In the other study, only amyloidogenic sequences were considered. The objective was prediction of the most suitable structural class of a query sequence, based on the total energy of its model structure. The correct structural class was accurately predicted for 46% of sequences. The class corresponding to the model with the lowest energy was selected out of 7 possible classes. This analysis, however, could not be regarded as conclusive - the set of available instances is very scarce, containing only 24 sequences. There might be also other reasons which additionally hamper this kind of modeling, such as the choice of the statistical potential, representing energy of the structures, or tendency of amyloid structures to polymorphism.

Since the general structural features are not sufficient for differentiating between amyloids and non-amyloids, in the next stage of the classification we applied more specific and descriptive energy terms from PyRosetta. The extended set of statistical potentials, corresponding to the best model structure from the first stage of modeling, was used to build computational machine learning models. Out of several available algorithms, we finally selected logistic regression, as the one which gave the best accuracy. Additionally, this method is not so much of a black-box type, allowing for interpretation of the results. Our method was verified on two data sets, using also cross-validation.
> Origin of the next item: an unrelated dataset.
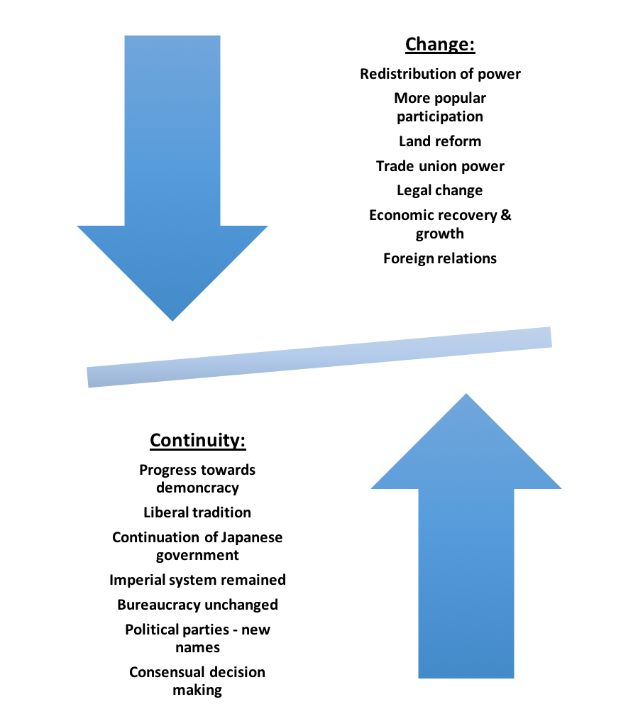 1. In pairs read through the chart above and discuss the balance of change and continuity in Japan by the end of the occupation.

PATH showed a very good potential for classification of amyloidogenicity, with AUC ROC at 0.88, sensitivity Sn = 0.42, specificity Sp = 0.94, and MCC equal to 0.44. The relatively low value of sensitivity is a problem for many other amyloid predictors and is related to the low ratio of amyloids to non-amyloids in the available experimental data. This was the case in our method. Applying the other benchmark data set, consisting of hexapeptides from the pep424 set, the sensitivity was much higher (Sn = 0.8569), without deterioration of the specificity (Sp = 0.9069). This was due to much better balanced number of instances representing both classes in this data set.

Confronting our method with other available predictors, we note that its effectiveness is very high and it could effectively support modeling amyloidogenicity. One of its assets, compared to other methods, is the combination of the structural approach with machine learning on numerous instances. It appears that a somehow similar approach of modeling amyloidogenicity was very recently applied in the version 2.0 of Waltz database class prediction21, in which experimental data of the instances are accompanied with their structural models and their energy values. The authors, however, do not reveal all details regarding their method and its performance.

Due to the high interpretability of our method, it was possible to identify the most important features that distinguished amyloids from non-amyloids in the classification. Apart from differences in total energies, such as DOPE from Modeler and REF15 from PyRosetta, some other energy terms appeared to play a role. All applied methods for feature selection showed the importance of the fa_rep energy term, representing repulsive van der Waals interactions, which approximate Pauli repulsion, whose high values may indicate clashes in structures and imply that non-amyloidogenic fragments may not be fitted well into a steric zipper structure. It could explain relatively low accuracy of the first stage of modeling, in which non-amyloids threaded on amyloid structures, are indeed faulty. Also, a relatively high importance of the energy term describing repulsion of atoms within the same residue (fa_intra_rep) was observed. A relatively low importance of statistical terms describing conformation of the backbone and side chains were observed. It should be noted, however, that statistical potentials were mostly fitted to describe structures of globular proteins and their use with other proteins may not be optimal11, therefore using better suited descriptors might improve the results and give more insight into the most influential features of the structures.